Lucas e Clayderman sono dei truffatori che si guadagnano da vivere cercando di spillare più soldi possibili alle loro vittime. La loro amicizia si è incrinata, come spesso accade, per via di una donna, la bella Veronica, che ha deciso di seguire il secondo dei due, ora pianista in una lussuosa nave da crociera dove lei stessa lavora come cantante. Quando a bordo scoprono che si è imbarcato l'anziano Antonio, un mite panettiere che ha visto la propria vita cambiare in seguito alla vincita di 160 milioni di euro al lotto, entrambi gli uomini cercano di mettere le mani sull'ingente gruzzolo.
Lucas si finge così un passeggero reduce dalla tragica scomparsa della moglie e con una figlia gravemente malata, mentre Clayderman tenta di avvicinarsi in ogni modo possibile all'obiettivo.

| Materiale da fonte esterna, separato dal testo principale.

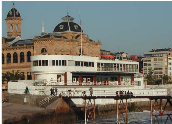
Das Gebäude des Real Club Nautico in San Sebastian heute, gesehen von dem Hafen in San Sebastian

Das Gebäude zeigt auch die außerordentliche Genauigkeit, die Aizpurua und Labayen in Linguistik der Architektur eingearbeitet haben. Es befindet sich in einer meisterhaften Umgebung und beobachtet die Bucht und den Hafeneingang in San Sebastian.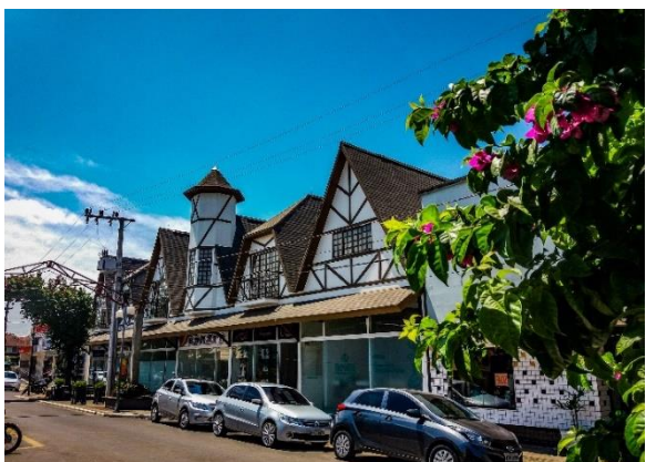
Figure 64 - Galeria Comercial - Centro de Forquilha.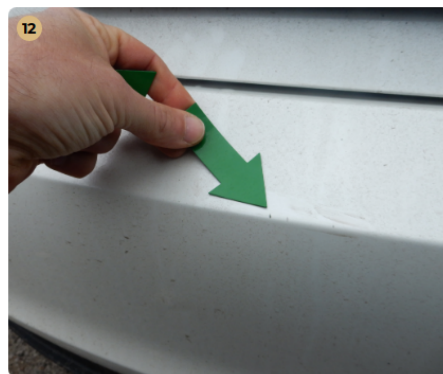
12 ! hátsó lökhárító Horzsolás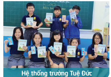
Hệ thống trường Tuệ Đức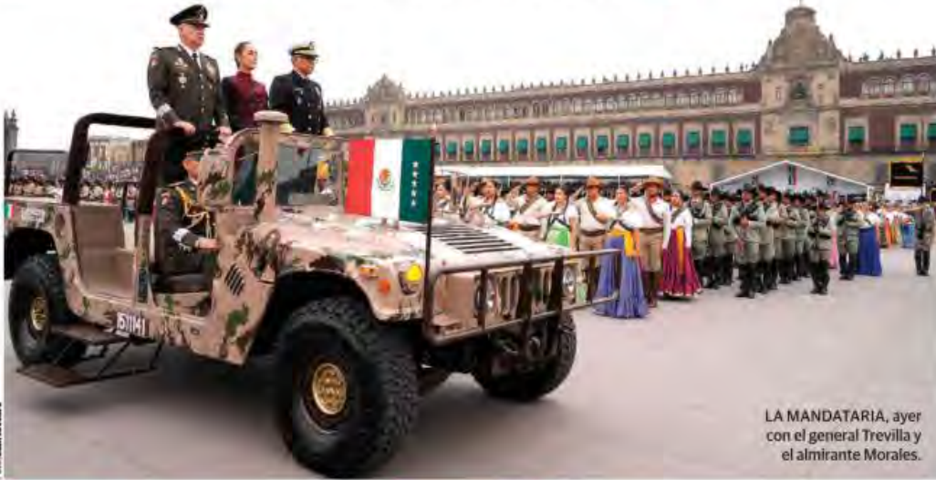
LA MANDATARIA, ayer con el general Trevilla y el almirante Morales.

SHEINBAUM destaca en el 114 aniversario del inicio de la Revolución las transformaciones; asegura que México es visto con admiración en el mundo; destaca apoyo de Fuerzas Armadas en seguridad y obras; éstas refrendan lealtad a la Presidenta y a la nación; cientos de familias aplauden a contingentes. pág. 12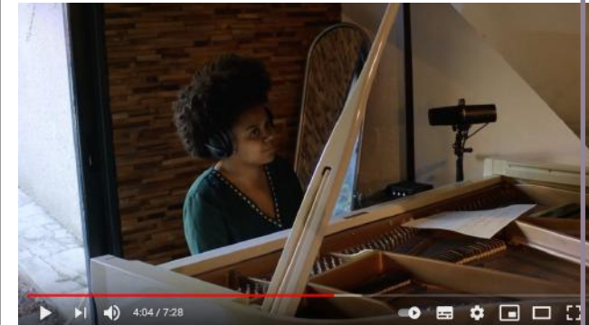
Crafting Quintet - Sérénité (composé par Clélya Abraham)

La contemporanea presenza degli ex-soci getta nuovamente il dubbio in Veronica su chi scegliere, mentre il povero Antonio riceve le attenzioni di una coetanea e la famiglia del milionario ne combina di tutti i colori nella speranza di sfruttare il fresco patrimonio paterno.

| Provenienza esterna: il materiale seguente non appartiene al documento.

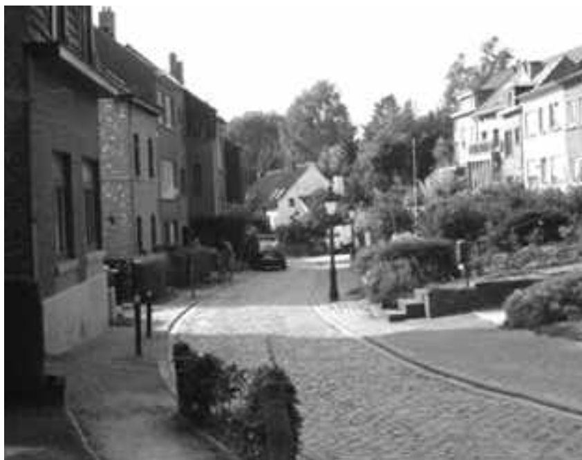
La rue de Linkebeek... Une des premières rues mises en « zones 30 » à Uccle.

L'itinéraire passe sous le petit pont du chemin de fer et rejoint la rue de Linkebeek. C'est une ancienne voirie typique, très étroite, parfois sans trottoir. Les différents projets aux alentours (parkings RER de 200 places, constructions diverses) font craindre à ses habitants de perdre la quiétude et la qualité de vie qu'ils connaissent à présent. C'est pourquoi, ils demandent depuis longtemps la mise en impasse de leur rue sous ce pont du chemin de fer. Cette solution aurait pour effet d'enfin sécuriser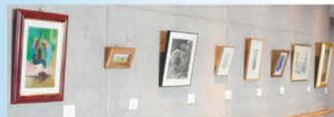
ゆとろぎ所蔵作品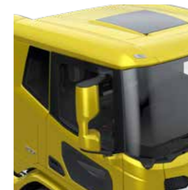
PEGLID JA NURGAKAAMERA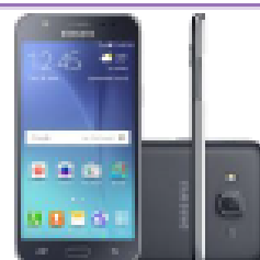
Samsung J500 - J5

à vista ou em 10x s/ juros Ou 24x de R$31,00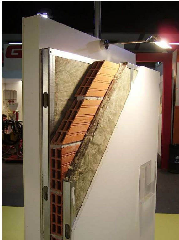
Foto 3. Sistema mixto de división entre vecinos.

Sin embargo, hay ayuntamientos que antes de la licencia de primera ocupación piden la verificación de los diferentes elementos constructivos. El caso más conocido es el del Ayuntamiento de Valencia, que ya lleva algunos años reclamándolo y la experiencia ha sido valorada muy positivamente.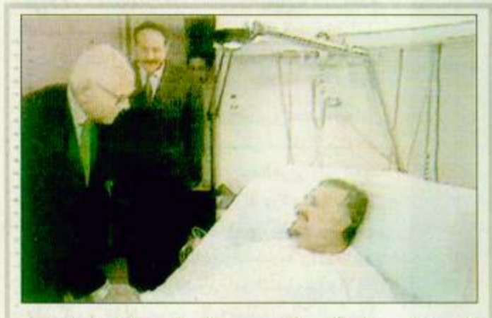
السلطان قابوس والرؤساء كليتوتون ومبارك وصالح يهنئون الأمير سلطان جنيف - ومن: أطمأن جلالة السلطان قابوس ابن سعيد سلطان عمان الشقيقة في اتصال هاتفي اجراه أمس مع صاحب السمو الملكي الأمير سلطان بن عبدالعزيز النائب الثاني لرئيس مجلس الوزراء ووزير الدفاع والطيران والمفتش البيعة، ص ٢٧

وكيل تعليم البنات المساعد للتخطيط والتطوير لـ «الجزيرة»: ٥٦ مليارا تم إنفاقها على تعليم البنات في سنوات الخطة، تخرج منهن مليون و٩٧ ألف طالبة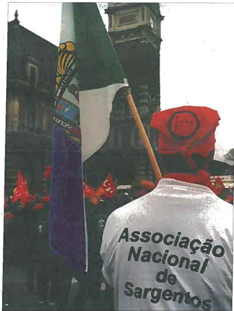
ANS participou na iniciativa da Euromil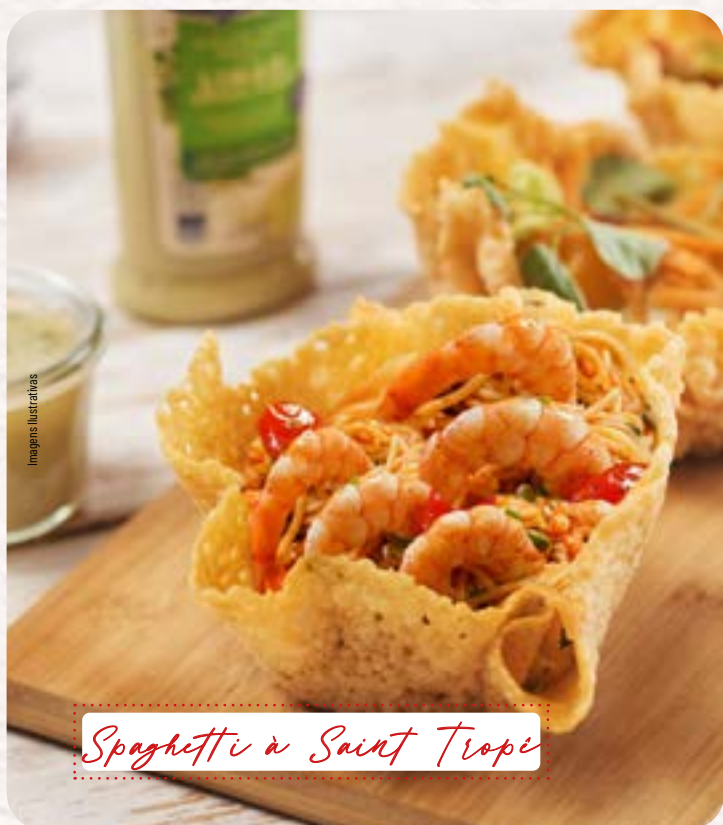
Spaghetti à Saint Trope

Servido na crosta de parmesão com camarões graudos, creme de leite, Catupiry, tomate, salsinha e cebolinha.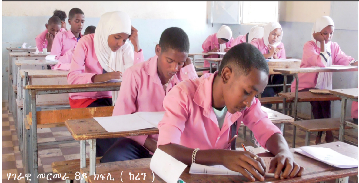
ሃገራዊ መርመራ 8ይ ክፍለ (ከረገ)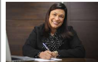
MARIA ROSAS é deputada federal pelo Republicanos, São Paulo.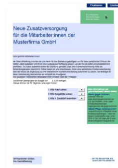
Individualisierbarer Gehaltsbeileger Budget/ Kombimodell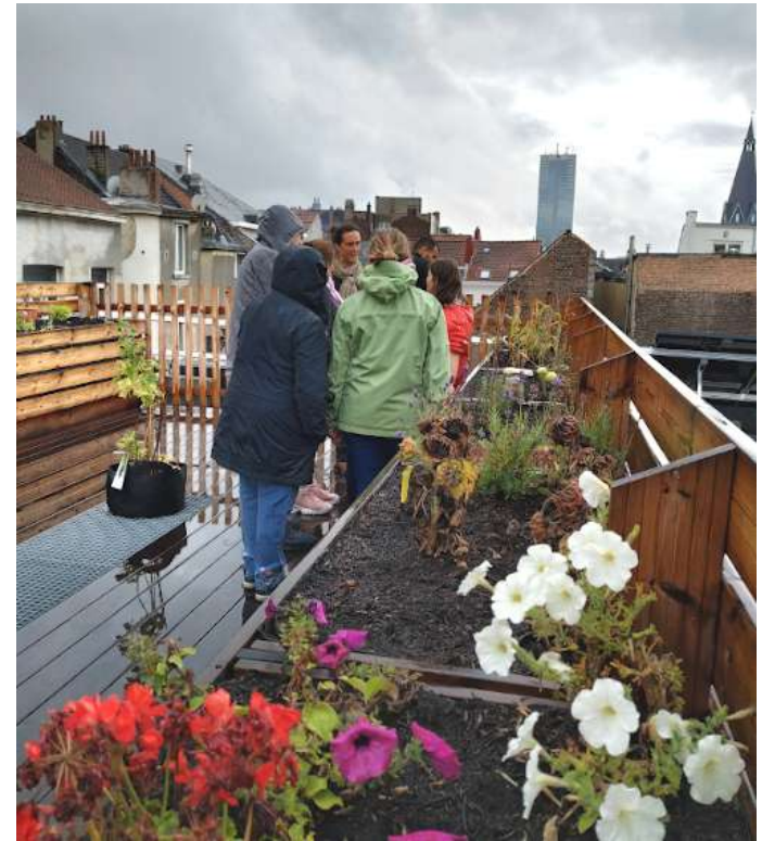
Casa Viva - 1000 Bruxelles

In Yucatán il viaggio in nave si trasforma così in un'incredibile avventura nella quale, tra tradimenti e colpi di scena, chiunque si troverà a fare i conti con il proprio passato e con crisi di coscienza.

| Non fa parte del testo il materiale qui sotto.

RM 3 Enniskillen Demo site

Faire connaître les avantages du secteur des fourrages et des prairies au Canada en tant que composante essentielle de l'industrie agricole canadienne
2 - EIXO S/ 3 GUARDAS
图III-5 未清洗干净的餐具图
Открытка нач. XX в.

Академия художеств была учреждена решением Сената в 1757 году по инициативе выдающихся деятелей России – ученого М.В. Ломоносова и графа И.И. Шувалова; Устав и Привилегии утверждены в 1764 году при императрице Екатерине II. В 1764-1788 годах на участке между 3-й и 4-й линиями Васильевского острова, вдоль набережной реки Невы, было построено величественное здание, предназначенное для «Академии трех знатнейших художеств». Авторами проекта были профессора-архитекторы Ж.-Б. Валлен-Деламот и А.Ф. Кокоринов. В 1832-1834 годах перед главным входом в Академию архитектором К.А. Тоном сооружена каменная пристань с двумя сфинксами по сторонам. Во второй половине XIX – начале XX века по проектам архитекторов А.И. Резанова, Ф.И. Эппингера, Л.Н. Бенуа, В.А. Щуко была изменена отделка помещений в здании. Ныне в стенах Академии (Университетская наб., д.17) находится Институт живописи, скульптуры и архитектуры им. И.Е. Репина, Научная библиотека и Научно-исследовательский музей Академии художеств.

La nave più pazza del mondo?
Grande successo nei cinema nazionali, la nuova commedia di Daniel Monzón (conosciuto anche dal pubblico italiano per il prison-movie cult Cella 211) tenta di rinvigorire il filone dei titoli ambientati a bordo di navi da crociera dalle riprese realmente avvenute su una di queste in giro per il mondo, con i passeggeri paganti utilizzati come comparse. Dopo un inizio accattivante, con la sfida tra due ladri/truffatori divisi per l'amore di una donna, il film si perde però su un eccessivo accumulo di personaggi e situazioni che portano la durata complessiva a oltre due ore di visione, con diversi tempi morti che vi fanno capolino all'interno. Tra cinismo all'acqua di rose e leggerezza, Yucatán (disponibile nel catalogo di Netflix come originale) si risolve in una serie di cliché che conducono all'inevitabile lieto-fine, pur condito da parziali note amare, e il moralismo a prova di grande pubblico ne esce ancora una volta vincitore.
Acque calme
Non mancano certo momenti divertenti all'interno di questa storia sui generis, con diverse citazioni ad altri classici del cinema (da Titanic a Non aprite quella porta) rivisitati in chiave parodica, ma il senso d'insieme viene castrato dalla mancanza di una maggiore cattiveria che avrebbe potuto donare ulteriori sfumature a un racconto che, a conti fatti, è solo l'ennesima riproposizione di una storia già vista e rivista in decine di produzioni a tema. E così, tra sfide alla roulette russa, improbabili rapimenti, corse a rotte di collo su scassati pullman e diatribe amorose sempre più forzate e improbabili, Yucatán si rivela una sorta di operazione copia/incolla priva della necessaria personalità, risultando più anonimo delle aspettative. A infondere un po' di carisma agli stereotipati personaggi ci pensa l'ottimo ed eterogeneo cast capitanato da Luis Tosar, attore feticcio del regista e vera e propria star della scena iberica: i suoi duetti/schermaglie col rivale Rodrigo de la Serna o con la bella Stephanie Cayo rimangono tra i momenti migliori di una pellicola che si adagia sui leit-motiv di genere senza mostrare il coraggio adatto per raccontare qualcosa di nuovo.
Una nave da crociera, due truffatori un tempo soci e ora divisi per amore di una donna e un anziano milionario, fresco vincitore della lotteria, da ingannare a ogni costo: su una base narrativa relativamente semplice, il regista spagnolo Daniel Monzón tenta di rinverdire il filone dei titoli ambientati a bordo di un'imbarcazione ma, nonostante il fresco e accattivante cast, il risultato cede a diverse banalità nell'accumulo di situazioni dove il numeroso gruppo di personaggi si trova impegnato. Tra una leggerezza a prova di grande pubblico, pur con una manciata di passaggi effettivamente divertenti, e prevedibili colpi di scena, Yucatán soffre inoltre dell'eccessiva durata, con oltre due ore di visione che avrebbero necessitato di una sfoltita di almeno mezz'ora per risultare più incisive.